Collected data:

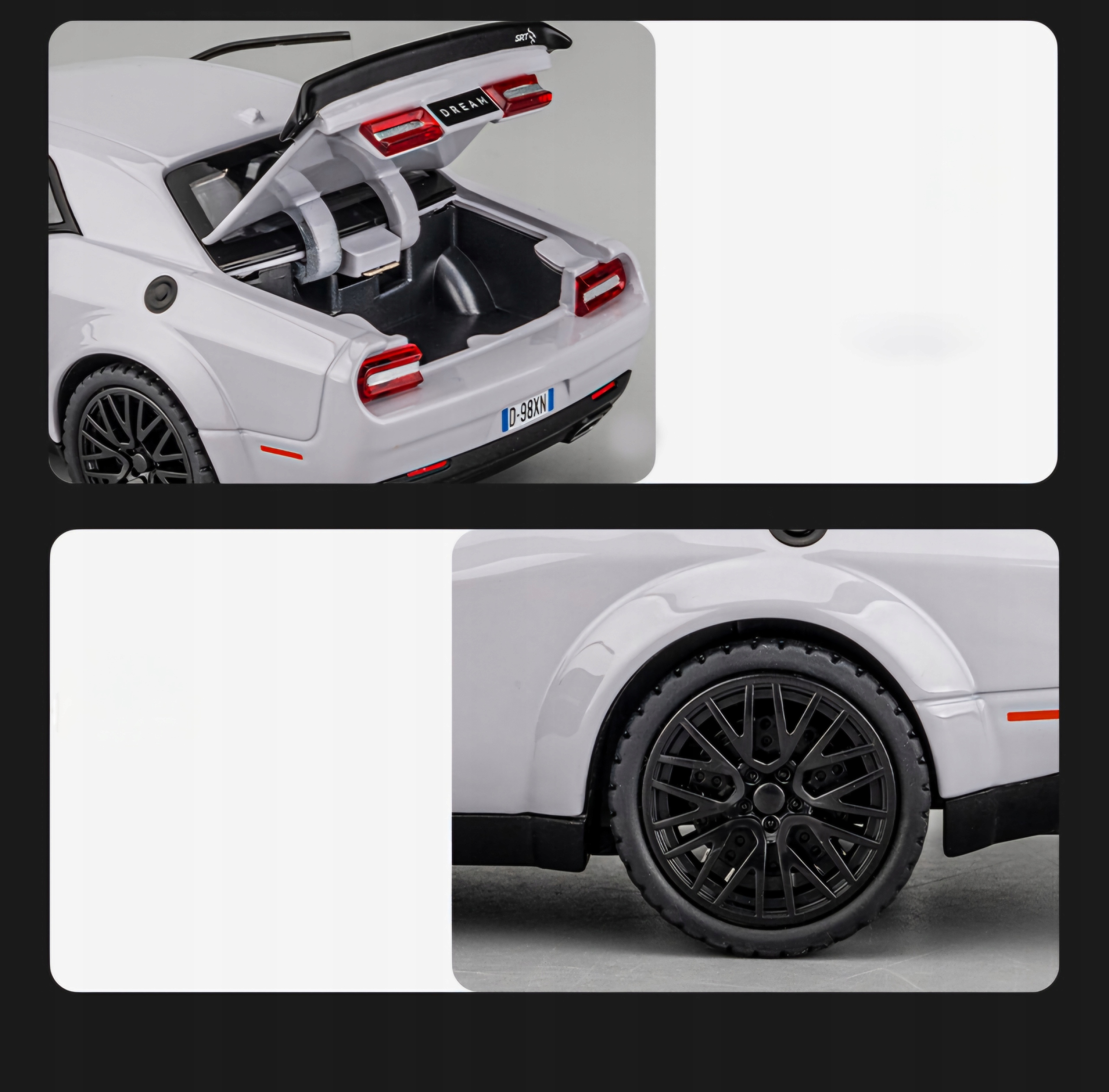 Модель CAR DODGE CHALLENGER 1:32, подставка, светодиодная звуковая маска, люк
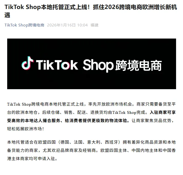 就在今天,TikTok Shop本地托管正式官宣。首站在欧盟四国(德国、法国、意大利、西班牙)上线。
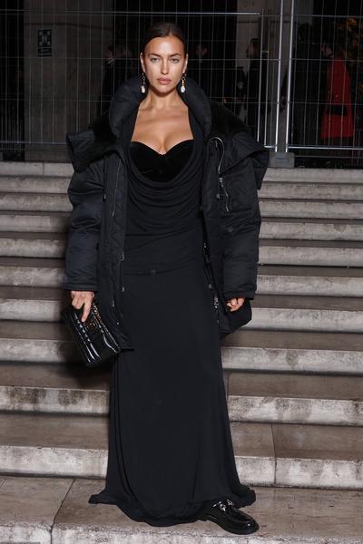Ирина Шейк отметила явно затянувшиеся выходные в компании лучших друзей Рикардо Тиши, Стеллы Максвелл (с которой ей приписывают роман) и Ребекки Мартинес. Модель поэкспериментировала на тему образа Мортиши Аддамс, надев силуэтное черное платье Burberry с открытой спиной и дерзкими разрезами на груди. Дополнили образ акцентные украшения, пара лаконичных босоножек и жгуче-алая помада.
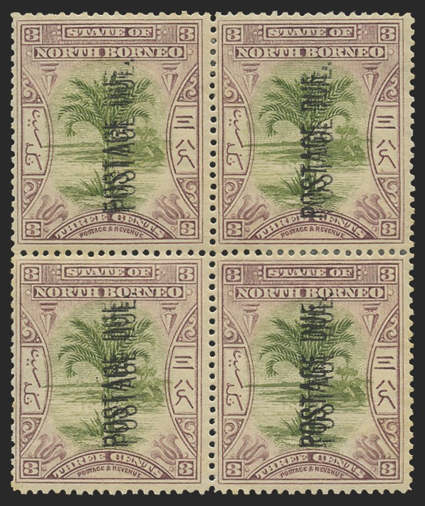 North Borneo 1901-02 3c green and dull mauve Postage Due, type D1 local overprint with stop after "DUE", perforations 14½-15, ERROR OVERPRINT DOUBLE, block of 4, SGD27a.
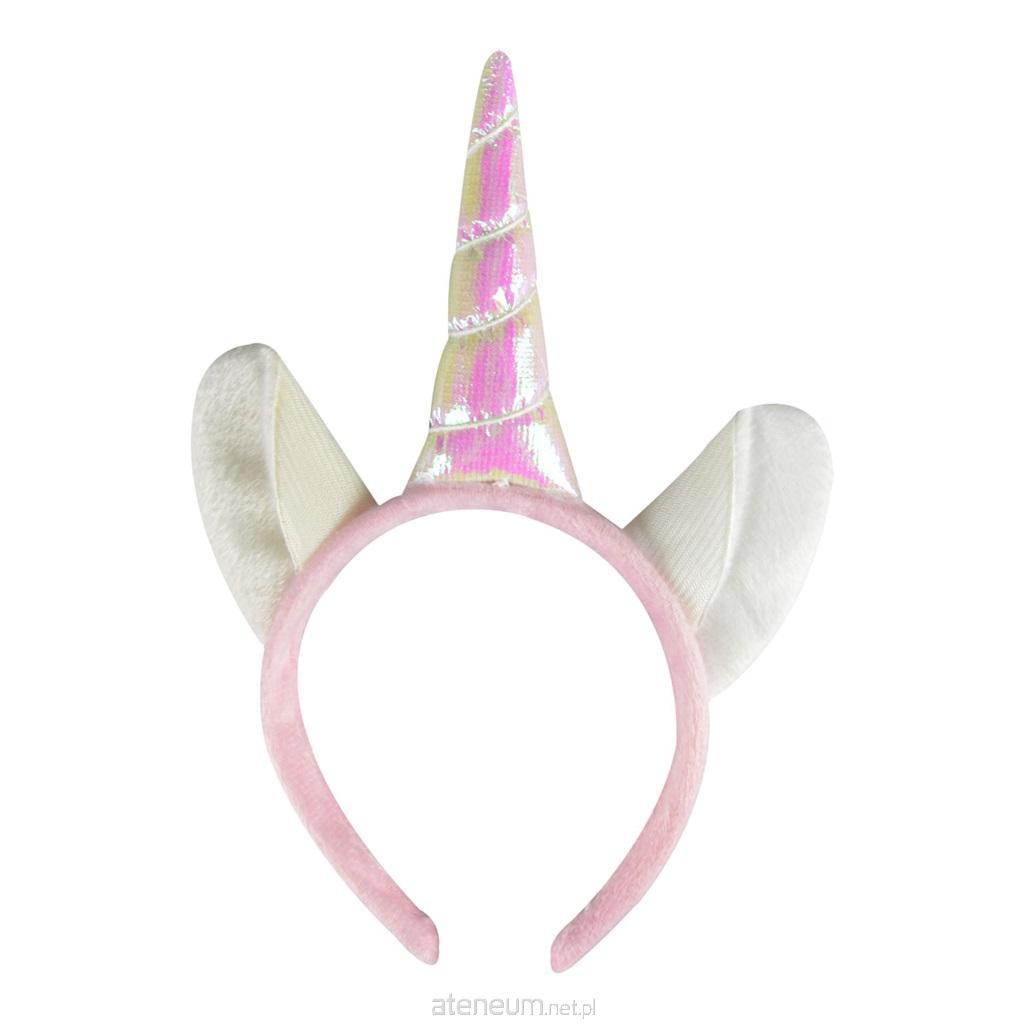 Opaska na głowę z opalizującym rogiem jednorożca i materiałowymi uszkami. Uroczy gadżet, ozdoba do włosów. Może być uzupełnieniem przebrania, kostiumu jednorożca na zabawę karnawałową, bal przebierańców lub samodzielną ozdobą. Rozmiar uniwersalny.

EXERCISE:
In the records above, find the line containing "就在今天,TikTok Sh" and restate it and every line after it word for word, all pictures excluded.

RESULT BELOW:
 就在今天,TikTok Shop本地托管正式官宣。首站在欧盟四国(德国、法国、意大利、西班牙)上线。
Ирина Шейк отметила явно затянувшиеся выходные в компании лучших друзей Рикардо Тиши, Стеллы Максвелл (с которой ей приписывают роман) и Ребекки Мартинес. Модель поэкспериментировала на тему образа Мортиши Аддамс, надев силуэтное черное платье Burberry с открытой спиной и дерзкими разрезами на груди. Дополнили образ акцентные украшения, пара лаконичных босоножек и жгуче-алая помада.
 North Borneo 1901-02 3c green and dull mauve Postage Due, type D1 local overprint with stop after "DUE", perforations 14½-15, ERROR OVERPRINT DOUBLE, block of 4, SGD27a.
 Opaska na głowę z opalizującym rogiem jednorożca i materiałowymi uszkami. Uroczy gadżet, ozdoba do włosów. Może być uzupełnieniem przebrania, kostiumu jednorożca na zabawę karnawałową, bal przebierańców lub samodzielną ozdobą. Rozmiar uniwersalny.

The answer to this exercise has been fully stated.